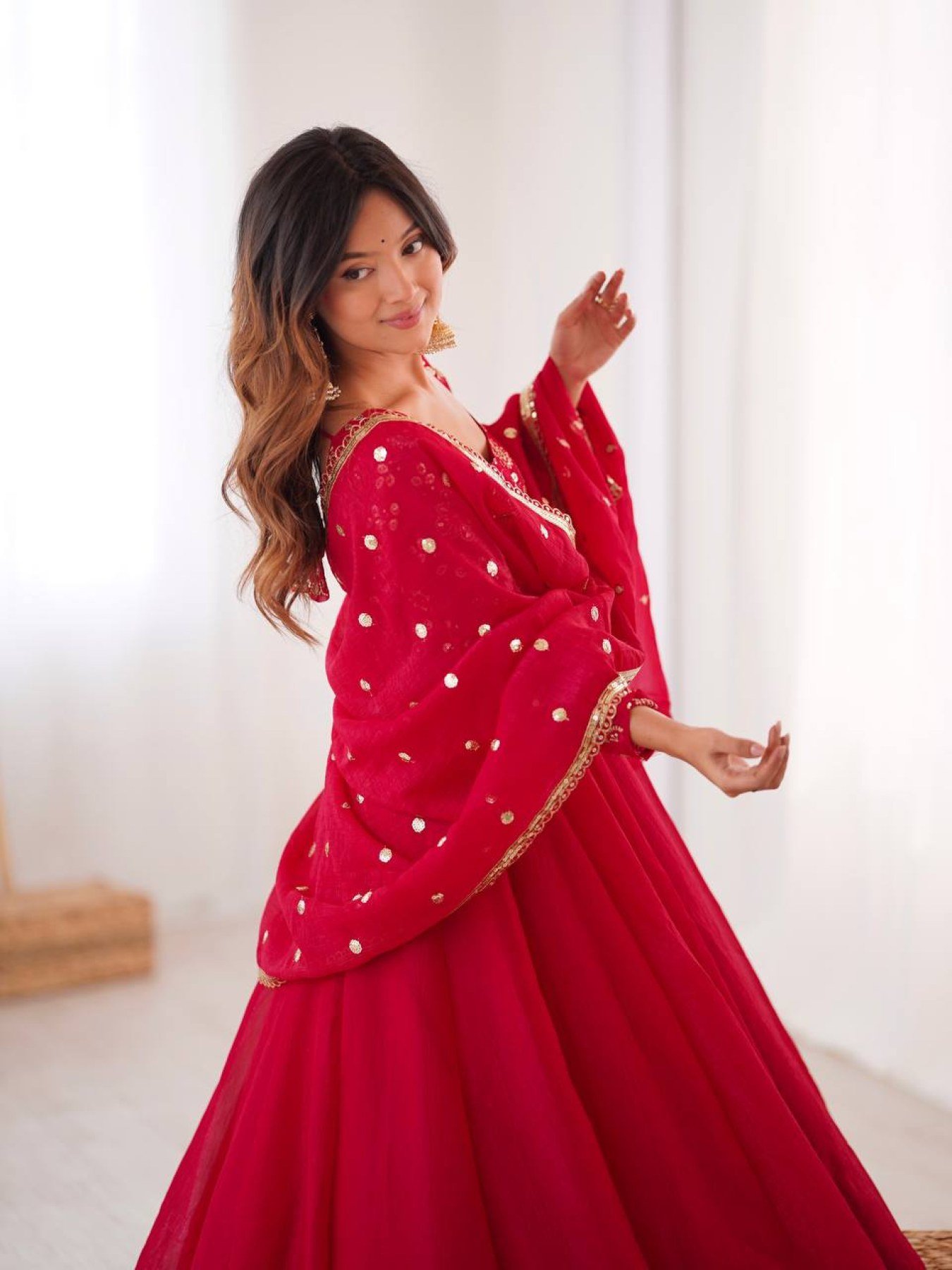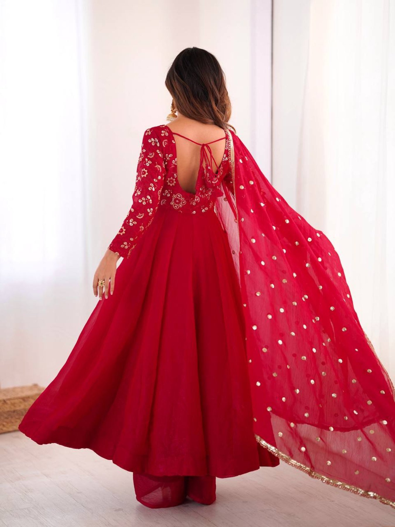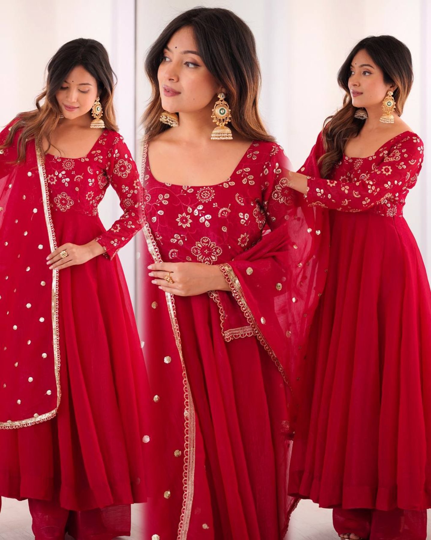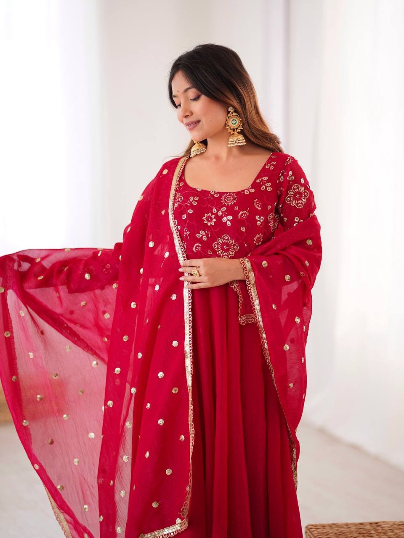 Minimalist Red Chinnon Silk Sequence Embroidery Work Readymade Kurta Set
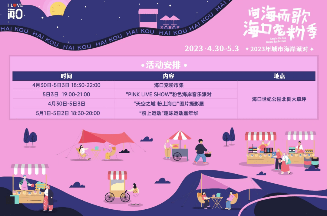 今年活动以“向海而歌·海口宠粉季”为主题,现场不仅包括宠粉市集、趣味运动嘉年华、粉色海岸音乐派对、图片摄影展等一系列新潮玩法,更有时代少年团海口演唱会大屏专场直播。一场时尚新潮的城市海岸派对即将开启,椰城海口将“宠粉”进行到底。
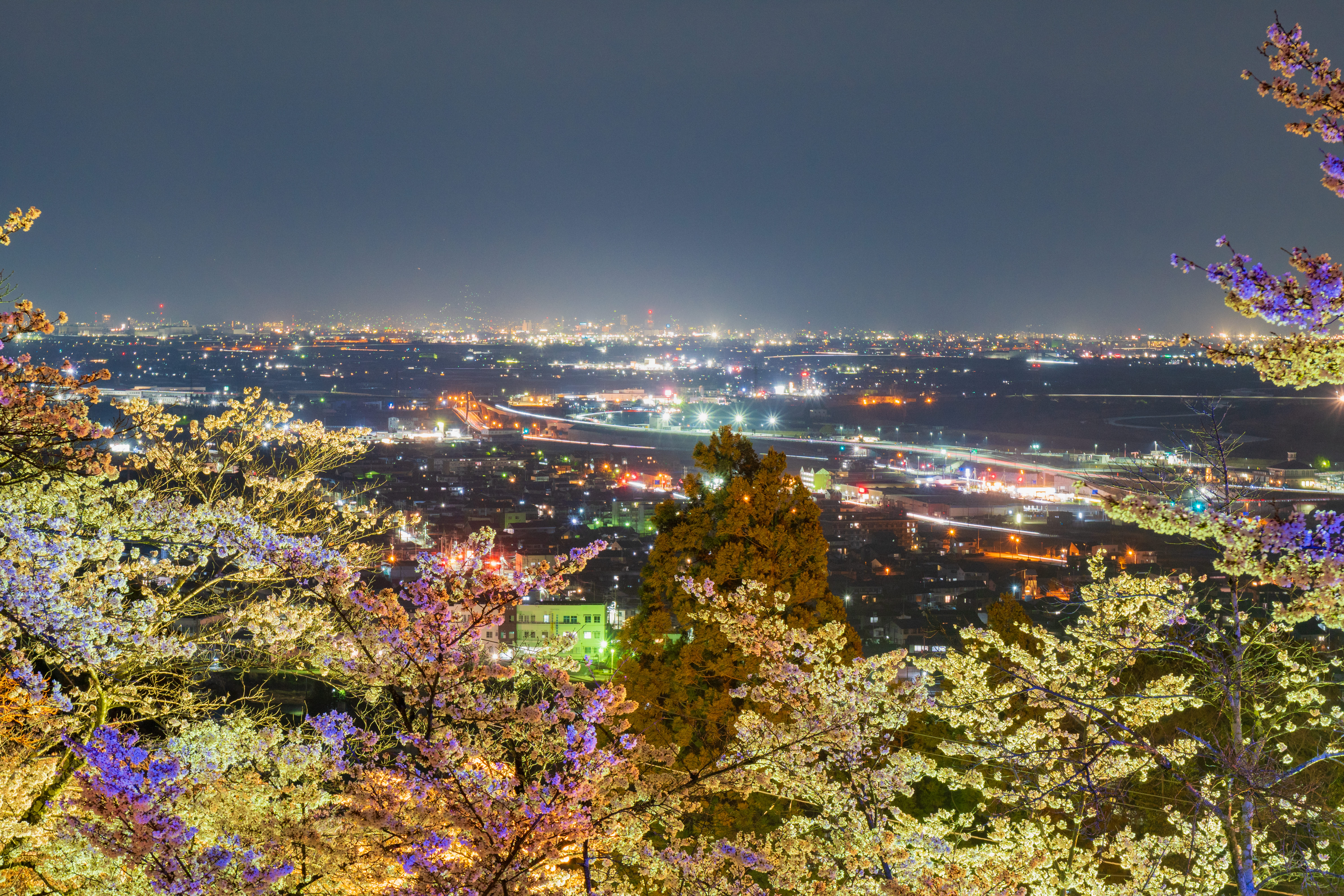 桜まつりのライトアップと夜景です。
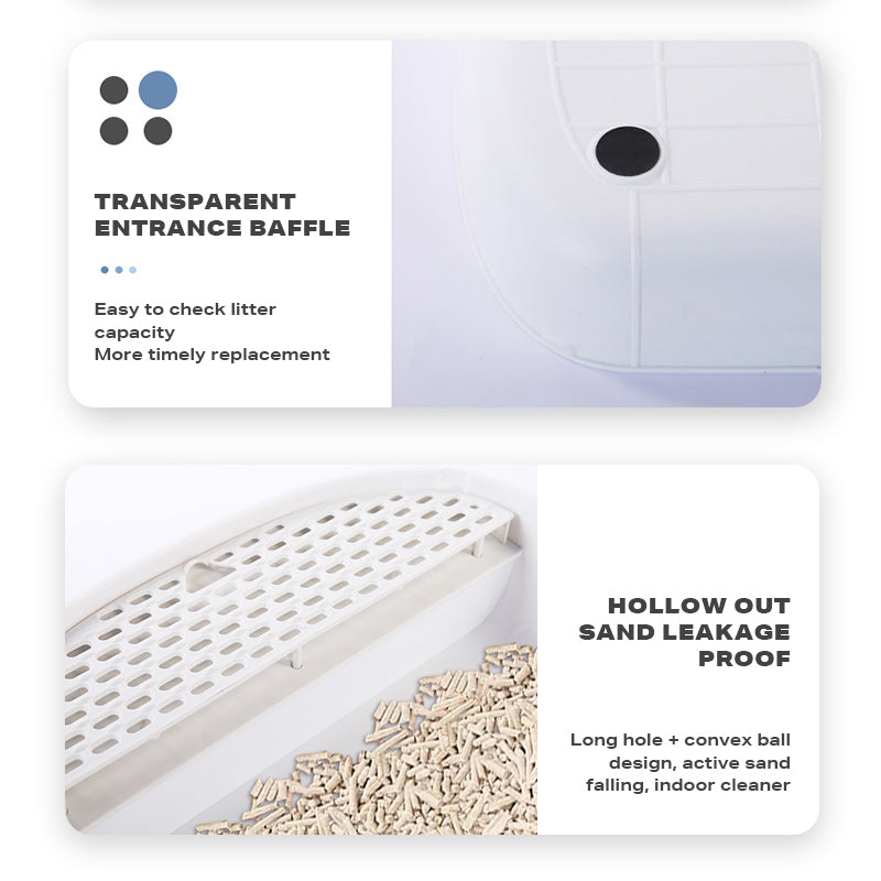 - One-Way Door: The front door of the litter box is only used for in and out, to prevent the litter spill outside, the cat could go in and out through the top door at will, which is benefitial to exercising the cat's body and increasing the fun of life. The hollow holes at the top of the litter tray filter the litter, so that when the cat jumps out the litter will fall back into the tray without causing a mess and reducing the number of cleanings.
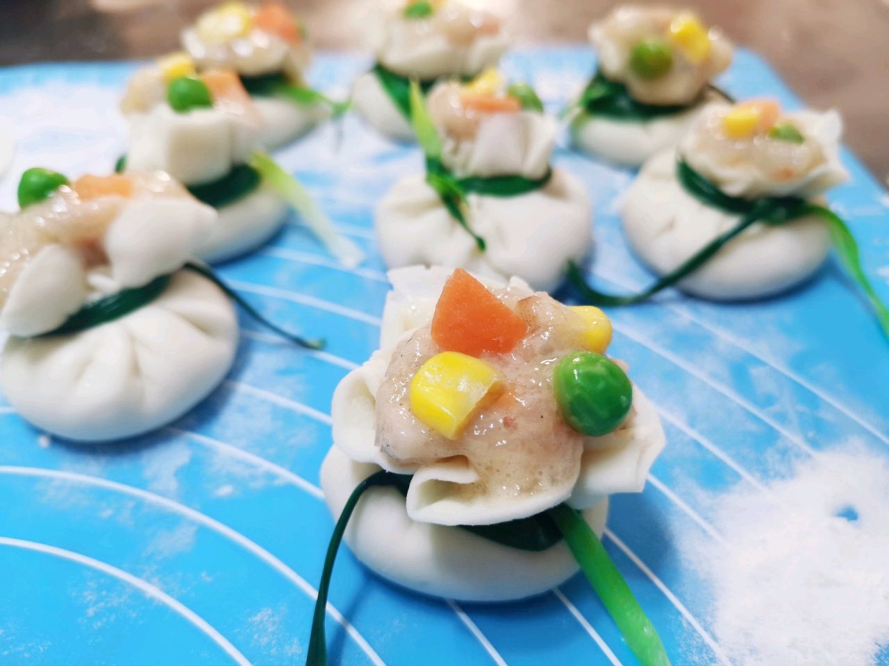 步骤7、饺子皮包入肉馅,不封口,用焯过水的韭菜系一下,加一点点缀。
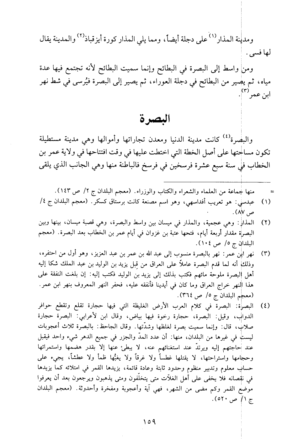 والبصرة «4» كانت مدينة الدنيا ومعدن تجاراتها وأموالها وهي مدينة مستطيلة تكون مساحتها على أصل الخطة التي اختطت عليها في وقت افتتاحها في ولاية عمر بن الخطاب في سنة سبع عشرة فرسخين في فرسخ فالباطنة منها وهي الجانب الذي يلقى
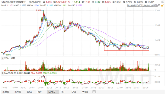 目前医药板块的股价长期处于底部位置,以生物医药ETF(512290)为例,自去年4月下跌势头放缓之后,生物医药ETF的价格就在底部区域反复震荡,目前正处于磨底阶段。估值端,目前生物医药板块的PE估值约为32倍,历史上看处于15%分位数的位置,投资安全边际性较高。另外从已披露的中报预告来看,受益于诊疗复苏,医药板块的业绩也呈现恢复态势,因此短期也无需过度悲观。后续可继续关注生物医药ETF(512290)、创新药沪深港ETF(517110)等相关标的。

====

PROMPT - Quote the data exactly, leaving every image out of the copy.

OUTPUT FOR THIS EXERCISE -
 Minimalist Red Chinnon Silk Sequence Embroidery Work Readymade Kurta Set
 今年活动以“向海而歌·海口宠粉季”为主题,现场不仅包括宠粉市集、趣味运动嘉年华、粉色海岸音乐派对、图片摄影展等一系列新潮玩法,更有时代少年团海口演唱会大屏专场直播。一场时尚新潮的城市海岸派对即将开启,椰城海口将“宠粉”进行到底。
 桜まつりのライトアップと夜景です。
 - One-Way Door: The front door of the litter box is only used for in and out, to prevent the litter spill outside, the cat could go in and out through the top door at will, which is benefitial to exercising the cat's body and increasing the fun of life. The hollow holes at the top of the litter tray filter the litter, so that when the cat jumps out the litter will fall back into the tray without causing a mess and reducing the number of cleanings.
 步骤7、饺子皮包入肉馅,不封口,用焯过水的韭菜系一下,加一点点缀。
 والبصرة «4» كانت مدينة الدنيا ومعدن تجاراتها وأموالها وهي مدينة مستطيلة تكون مساحتها على أصل الخطة التي اختطت عليها في وقت افتتاحها في ولاية عمر بن الخطاب في سنة سبع عشرة فرسخين في فرسخ فالباطنة منها وهي الجانب الذي يلقى
 目前医药板块的股价长期处于底部位置,以生物医药ETF(512290)为例,自去年4月下跌势头放缓之后,生物医药ETF的价格就在底部区域反复震荡,目前正处于磨底阶段。估值端,目前生物医药板块的PE估值约为32倍,历史上看处于15%分位数的位置,投资安全边际性较高。另外从已披露的中报预告来看,受益于诊疗复苏,医药板块的业绩也呈现恢复态势,因此短期也无需过度悲观。后续可继续关注生物医药ETF(512290)、创新药沪深港ETF(517110)等相关标的。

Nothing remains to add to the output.